**** Information provided

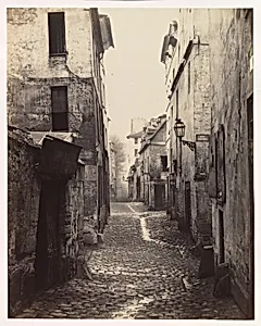 Step into the shadowy lanes of old Paris with *Rue Traversine (from the Rue dras)*, a captivating albumen silver print by Charles Marville, created 1868. This 34.8 x 27.5 cm photograph captures a narrow, winding alleyway lined with weathered buildings, evoking the intimate, medieval fabric of the city before its dramatic transformation. Marville, Paris's official photographer under Napoleon III, masterfully used a glass negative to produce the rich tonal depth and exquisite detail characteristic of albumen prints—the dominant photographic process of the era, prized for its clarity and subtle g...
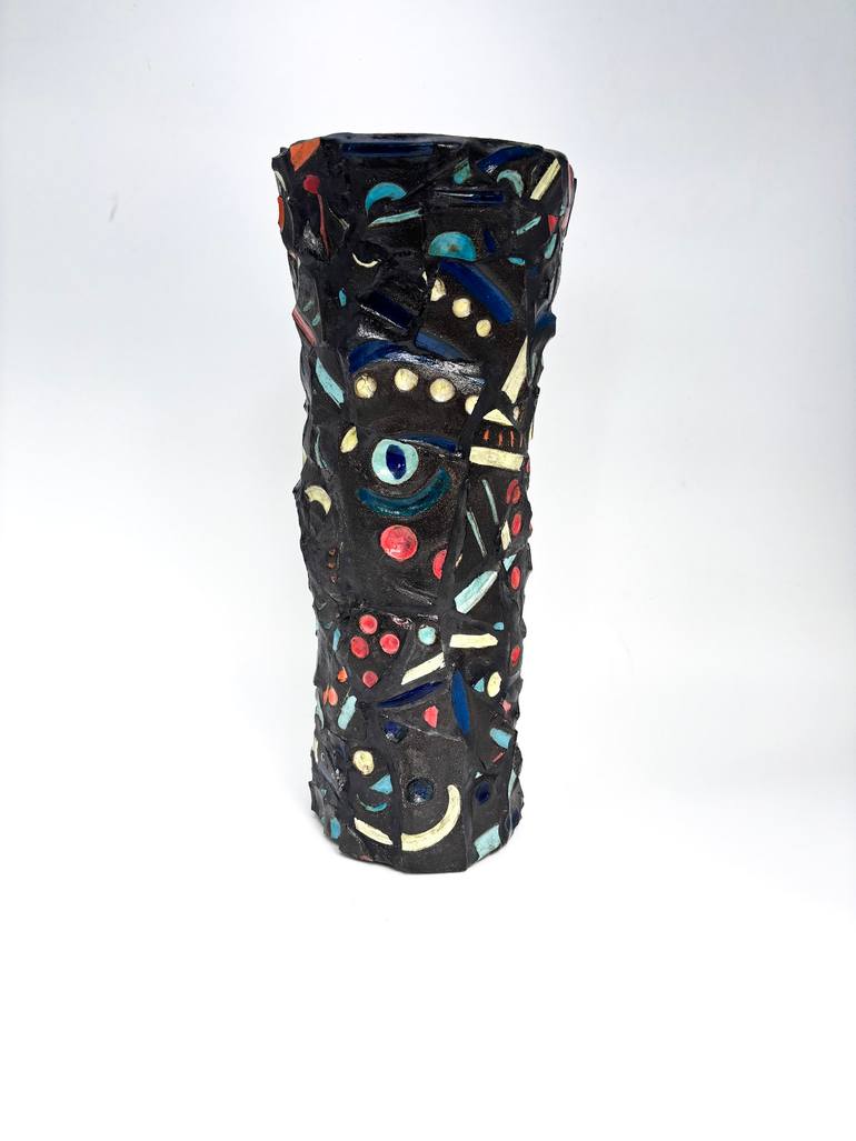 Crafted from black stoneware clay, Kaleidoscope juxtaposes dark and colorful ceramic elements, forming a dynamic visual contrast. The abstract geometric shapes bring a sense of order and chaos, mirroring the complex patterns found in nature. Inspired by the ever-changing and multifaceted patterns o...
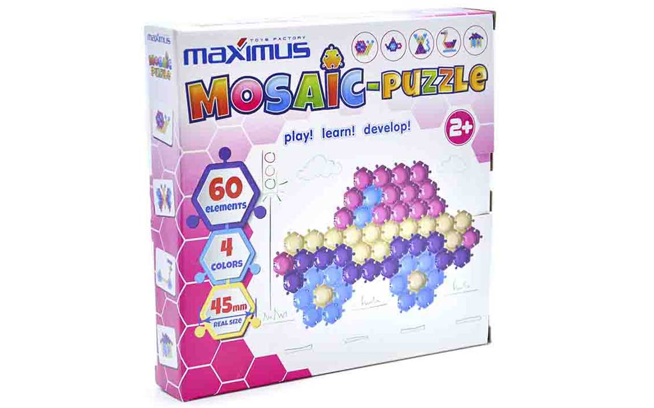 60 елементів. Яскраві та насичені кольори. Розмір деталі 45мм. Зручна упаковка для зберігання. Деталі кріпляться між собою як пазли.
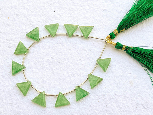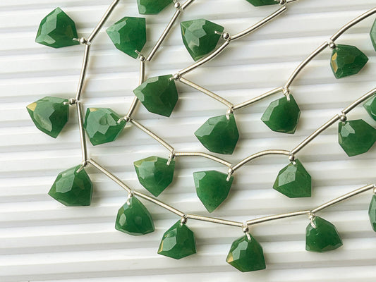 Green Jade Trillion shape faceted briolette beads, 11mm to 15mm
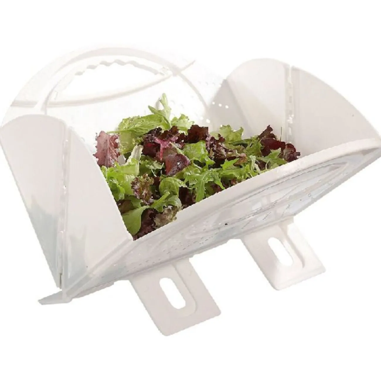 Passoire pliante extra plate en plastique, maniable grâce à ses anses, avec bec verseur très pratique. Elle se nettoie très facilement. Dim. 31,5x28x1,9 cm.

********

_Your task_
Exclude the pictures, then write out every record exactly as it stands.

_Task answer_
 Step into the shadowy lanes of old Paris with *Rue Traversine (from the Rue dras)*, a captivating albumen silver print by Charles Marville, created 1868. This 34.8 x 27.5 cm photograph captures a narrow, winding alleyway lined with weathered buildings, evoking the intimate, medieval fabric of the city before its dramatic transformation. Marville, Paris's official photographer under Napoleon III, masterfully used a glass negative to produce the rich tonal depth and exquisite detail characteristic of albumen prints—the dominant photographic process of the era, prized for its clarity and subtle g...
 Crafted from black stoneware clay, Kaleidoscope juxtaposes dark and colorful ceramic elements, forming a dynamic visual contrast. The abstract geometric shapes bring a sense of order and chaos, mirroring the complex patterns found in nature. Inspired by the ever-changing and multifaceted patterns o...
 60 елементів. Яскраві та насичені кольори. Розмір деталі 45мм. Зручна упаковка для зберігання. Деталі кріпляться між собою як пазли.
 Green Jade Trillion shape faceted briolette beads, 11mm to 15mm
 Passoire pliante extra plate en plastique, maniable grâce à ses anses, avec bec verseur très pratique. Elle se nettoie très facilement. Dim. 31,5x28x1,9 cm.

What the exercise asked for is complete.